Most people who have heard of Sarah Lawrence College know very little about the school… They have either heard of it from the movie “10 Things I Hate About You” as the main character’s dream school, know it as an EXTREMELY liberal college, or know it only as the most expensive college in the nation or close to it.

When I attended, it was all of these things, including my dream school. As a reader it is important that you understand that despite having received the Holy Ghost at 12 years old, I was not actively in the church when I made the decision to attend SLC– although returning to church was a goal that I had in mind when choosing to go to school in NY. I was raised by very loving parents who taught me the importance of valuing and loving others, as well as what makes each of us individuals.
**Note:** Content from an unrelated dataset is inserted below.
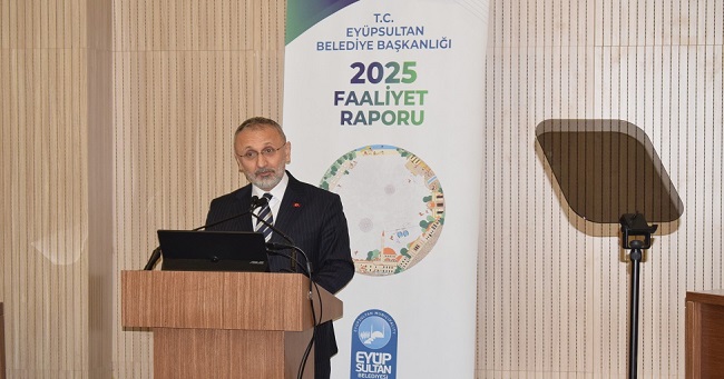 Eyüpsultan Belediye Başkanı Dr. Mithat Bülent Özmen, Eyüpsultan Belediyesi Meclis Salonu’nda düzenlenen 2026 Yılı Mart Ayı Belediye Meclis Toplantısı’nın 2. Birleşimi’nde yaptığı sunumda 2025 yılı boyunca yürütülen hizmetleri, yatırımları ve sosyal projeleri kapsayan Faaliyet Raporu’nu görseller eşliğinde kamuoyu ile paylaştı.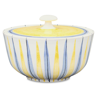 La lata de Hedwig Bollhagen, con el número de modelo «880», destaca en varias variantes de diseño. Este conjunto de dos piezas, compuesto por el recipiente y la tapa, se caracteriza por su cuerpo cónico y redondeado en la parte inferior, y por la tapa plana y redonda con un pomo en forma de seta incorporado. Con un diámetro de 15 centímetros y una altura de 10 centímetros, esta lata de 600 gramos de peso no es ni demasiado grande ni demasiado pequeña. Una cosa es segura: esta lata de cerámica no solo presenta con estilo la mermelada, el chutney y demás delicias de la abuela en la mesa del desayuno, sino que también oculta de forma segura y elegante los dulces caseros ante los pequeños golosos.

They never denounced anyone’s lifestyle or personal choices except for those who were openly hateful or simply irresponsible and immoral. I was very much entranced by the campus at Sarah Lawrence and fell in love with the idea of a place where “one size was never meant to fit all” and “everyone was unique.”
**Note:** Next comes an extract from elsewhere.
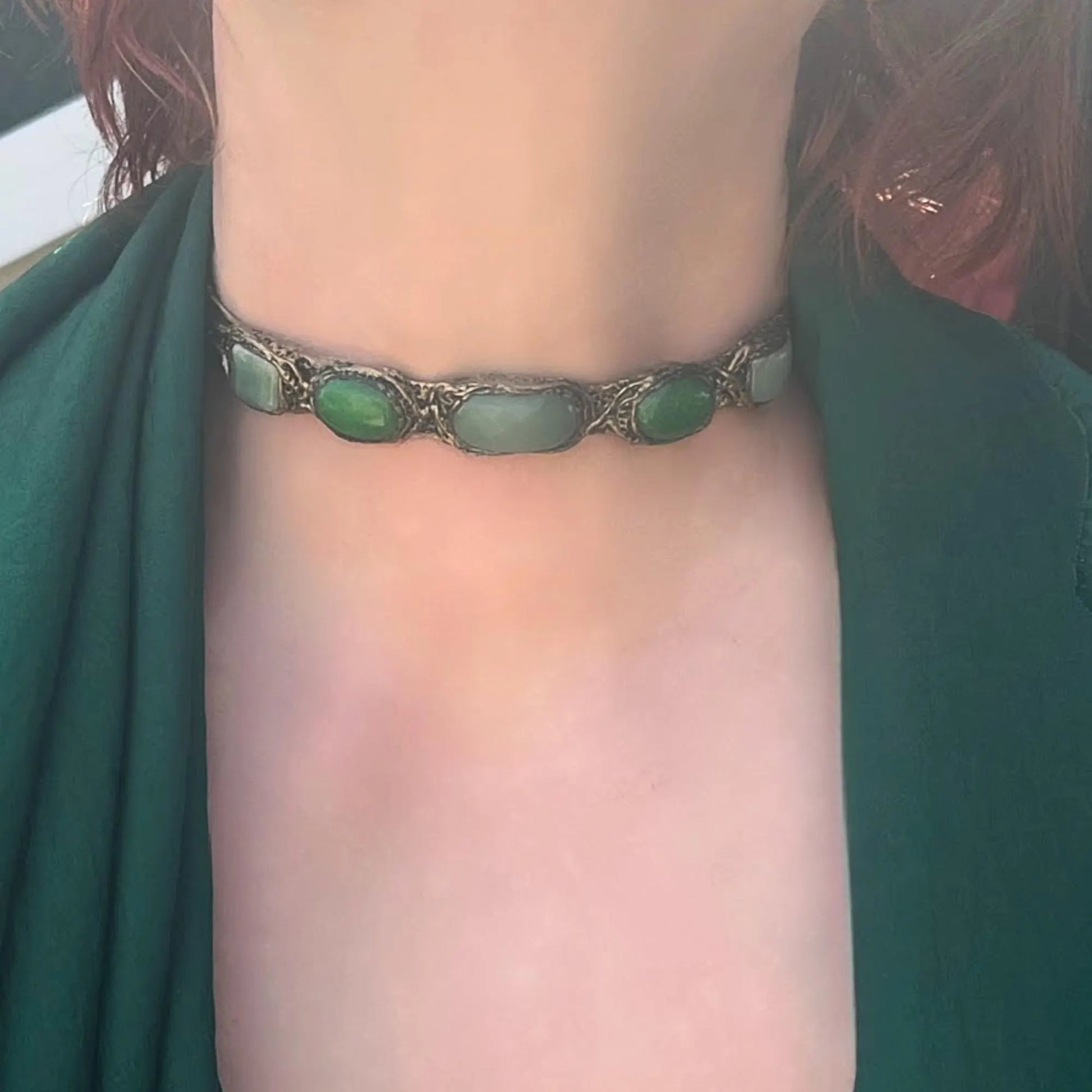 Green Aventurine & Jade Choker Necklace, Statement Crystal Jewelry

While attending SLC, I learned a lot about the world; about the history of the United States, especially in terms of inequality and injustice; and about myself: my strengths, my weaknesses, and my desire to pursue my purpose. Everything about the campus environment was liberal, with the exception of a small group of conservative students – most of which were not Christians, as the “Christians” on campus were not noticeably active in the school culture.
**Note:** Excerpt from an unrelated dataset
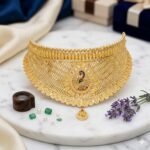 “Embrace the glow of pure craftsmanship. Whether it’s your wedding day or a grand reception, our 18K/20K gold choker captures the essence of contemporary beauty. Lightweight enough for all-day wear, yet bold enough to be an heirloom, it is the ultimate finishing touch for the modern bride.”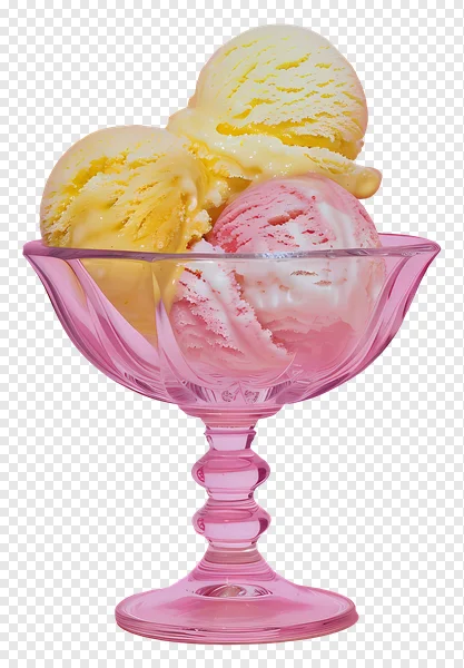 Download this beautiful, high-quality ice cream PNG image for free! Featuring a stunning pink glass bowl overflowing with delicious strawberry and mango flavored scoops, this graphic is perfect for summer designs, dessert menus, food blogs, or any project needing a sweet touch. Transparent background for easy integration. Enhance your visuals with this delightful ice cream illustration – download now!

Despite the obvious attempt of the school’s courses, professors, and culture to “enlighten” each student and broaden our thinking (within the confines of the liberal mentality), I did not leave SLC to become a passionate civil rights activist attempting to rewrite political policies upon graduation. Instead I recommitted my life to Christ.

While living in the SLC bubble, it was easy to become indoctrinated by the liberal beliefs represented there. It was easy to subdue my conscience and convince myself that loving everyone as Christ meant the same thing as fighting for everyone’s right to choose their own lifestyle; that this is what Jesus had meant when He commanded us to “love our neighbor.” It was easy to let go of “traditional values” especially when I wasn’t fully convinced of them in the first place. It was easy to start to listen to the voices of worldly politicians, professors, and peers, rather than the voices of pastors and preachers, especially since I wasn’t praying or even attending church services regularly.

This is how the enemy works! He is cunning and subtle. He will never come out and ask you to let go of every ounce of conviction at once. Instead he slowly chips away at your foundation, getting you to make small compromises here and there, until eventually the bottom falls out from under you and you find yourself in a pit of sin.

I spent my college years in a fog… unsure of what I believed, defining myself by the opinions and standards of others, and trying to “find my own way.” I spent years trying to silence the Holy Ghost within me, as God was warning me to turn back to Him. And this is true of God, He will always try to reach you, even as you walk away from Him, but if we are not careful we can become desensitized to His voice, making it even harder to find our way back to Him when we finally realize we’ve gone astray.

It wasn’t until I left the SLC bubble that my eyes were able to see clearly. I realized that the enemy had almost won my life completely, but God had been calling me back to Him all the while. It would have been easy to allow the enemy to convict me of my mistakes, to live in a constant state of condemnation for the choices I had made, to convince myself that I was beyond redemption, but in spite of my guilt and shame, I found an altar and God in all of His grace met me there with open arms and has kept me since.

As an Apostolic Pentecostal Christian, I am not ashamed to live by the Word of God and take it literally. Not only does my faith in His Word not make me a bigot or narrow-minded, but it allows we to love others the way Jesus did, unconditionally and with the intention of saving their souls. I am not willing to discard the Truth or my faith for anything or anyone. I am fully persuaded that God’s way has been and will always be the best way.